Diabetes was the seventh leading cause of death in the United States in 2010 based on the 69,071 death certificates in which diabetes was listed as the underlying cause of death. In 2010, diabetes was mentioned as a cause of death in a total of 234,051 certificates, according to the latest information from the American Diabetes Association.
In addition, Diabetes may be under-reported as a cause of death. Studies have found that only about 35 percent to 40 percent of people with diabetes who died had diabetes listed anywhere on the death certificate and about 10 percent to 15 percent had it listed as the underlying cause of death.
Even mildly elevated body iron contributes to the prevalence and incidence of type 2 diabetes, according to research from the University of Eastern Finland. Excess body iron accumulation is a known risk factor of Type 2 diabetes in hereditary hemochromatosis, but the results presented by Dr Alex O. Aregbesola in his doctoral thesis show that elevated iron is a risk factor in the general population as well, already at high levels within the normal range.
Men accumulate more iron and are more at risk
In addition, a gender difference was observed in the risk and prevalence of type 2 diabetes, to some extent due to different body iron accumulation between men and women. Men had 61 percent higher prevalence and 46 percent increased risk of developing type 2 diabetes when compared to women. At comparable age groups, men were found to accumulate more iron than women, and iron explained about two-fifths and one-fifth of the gender difference in type 2 diabetes prevalence and incidence respectively.

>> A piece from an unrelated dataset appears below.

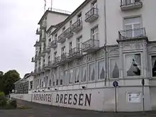 At his first visit to the hotel in 1926 Adolf Hitler checked in as "staatenloser Schriftsteller", meaning "stateless author". He returned there often afterwards. On the night of June 29th-30th, 1934 Hitler met with Joseph Goebbels and Sepp Dietrich in preparation for the Night of the Long Knives.[1] In September 1938 he moved the negotiations with prime minister Chamberlain regarding the Sudetenland[2] crisis to the hotel Dreesen. The hotel owner at the time was considered a "Half-Jew" according to Nazi ideology and had a jewish sister-in-law as well as numerous jewish relatives. Nonetheless, he was able to run his business unperturbed. According to an informant of the American journalist Nora Waln, who stayed in the hotel in the summer of 1934 immediately after Hitler, the owner at the time was "a childhood friend of the Führer".[3] William L. Shirer, an American journalist visiting the hotel in 1938, referred to the owner as "an early Nazi crony of Hitler".[1] In 1934, under the direction of local architect Willy Maß, the 2000 m² terrace ("Kastaniengarten") was fitted with an (at that time unique) electricity-powered glass roof. At the beginning of the war in 1939 the Hotel was seized by the German armed forces and served as a headquarters of the army high command under General Fedor von Bock. In February 1943, it became temporary accommodation for South and Central American diplomats under the French Vichy Regime while continuing to operate as a hotel. After the diplomats' leave in 1944/1945 it became primarily meant for French officers. During this time, from April 1944 at the latest, it functioned as a satellite camp of Buchenwald concentration camp under the cover name "Winzerstube" and was under military guard.[4]

Moderate iron stores are safer than depletion toward iron deficiency
Body iron predicted the risk of Type 2 diabetes. There was a slight variation in the risk of type 2 diabetes over a wide range of serum ferritin (sF) concentrations that reflect body iron stores, with a marked increase in the risk observed at high normal range of sF concentrations in men (>185 μg/L). However, iron depletion toward deficiency as reflected by serum-soluble transferrin receptor concentrations did not offer protection against Type 2 diabetes; rather, there was a U-shaped type of association between iron stores and the risk of Type 2 diabetes which showed that the risk was lowest on moderate levels.

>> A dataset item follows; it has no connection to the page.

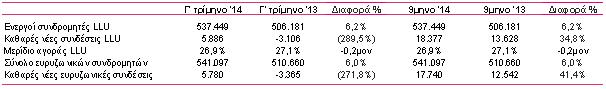 Η συνολική LLU πελατειακή βάση της εταιρείας στο τέλος του εννεαμήνου του 2014 ανήλθε σε 537.449 πελάτες, αύξηση 6,2% σε σχέση με το αντίστοιχο περυσινό εννεάμηνο και το εκτιμώμενο μερίδιο αγοράς στο 26,9%. Παρά το έντονο ανταγωνιστικό περιβάλλον της αγοράς, η hellas online στο γ' τρίμηνο του 2014 απέσπασε το 31,9% των νέων συνδέσεων LLU, ενώ συνολικά για το εννεάμηνο του 2014 το μερίδιο αγοράς σε νέες συνδέσεις LLU ανήλθε σε 22,1%.

“Hence, a safe range of body iron stores in men with regard to the risk of type 2 diabetes may be 30-200 μg/L of serum ferritin,” Dr Aregbesola says.
The association between body iron and impaired glucose metabolism was strongest among people in prediabetes states.

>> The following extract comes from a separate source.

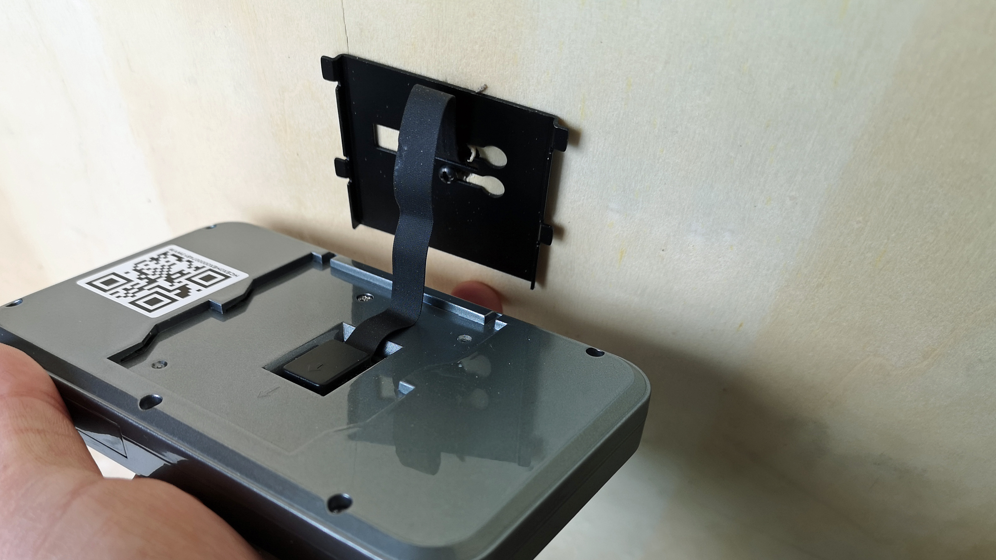 Als Letztes folgt das Einstecken des Kamerakabels auf der Monitorrückseite und das Einschieben des Bildschirms in die Halterung. Theoretisch ist der digitale Türspion nun einsatzbereit. Wer ein Modell mit WLAN-Funktion verwendet, sollte zudem die dazugehörige App installieren, um zusätzliche Funktionen der Kamera nutzen zu können.

Excess iron disturbs glucose metabolism
Abnormalities in glucose metabolism and Type 2 diabetes are on the increase globally, and the prevalence of diabetes among adults is estimated at 642 million by 2040. Reduced quality of life and increased mortality due to type 2 diabetes and its complications are of great concern. Preventive measures targeted at established risk factors of type 2 diabetes, such as excess body weight or obesity, physical inactivity and poor nutrition need further exploration.
Unhealthy dietary habits associated with the surge of Type 2 diabetes include excess dietary intake of iron and unregulated iron supplement use. Iron is a micronutrient that is required in the formation of some essential body proteins and enzymes, like hemoglobin, cytochromes and peroxidase. However, it is harmful when stored in excess in the body. It promotes the release of free radicals that damage the secretory capacity of beta cells of pancreas to produce insulin. It also decreases insulin sensitivity in peripheral tissues and organs involved in glucose metabolism. (My emphasis)
The doctoral thesis is based on studies where the main aim was to examine the associations between body iron stores and glucose homeostasis and Type 2 diabetes among middle-aged men and women representing the general population and living in the eastern part of Finland. The thesis investigated the risk of Type 2 diabetes over a wide range of body iron stores, as well as whether iron depletion toward mild iron deficiency offers protection against Type 2 diabetes risk. The types of associations between body iron stores and glucose homeostasis were examined in the three glycemic states ? normoglycemia, prediabetes and Type 2 diabetes, using markers of insulin resistance and beta cell function. Gender differences and the contribution of body iron accumulation to any gender difference in Type 2 diabetes were also investigated.
“This study provides a new body of evidence that mildly elevated body iron is an important risk factor of glucose metabolism derangement, which contributes to the increase in the prevalence and incidence of Type 2 diabetes,” Dr Aregbesola concludes.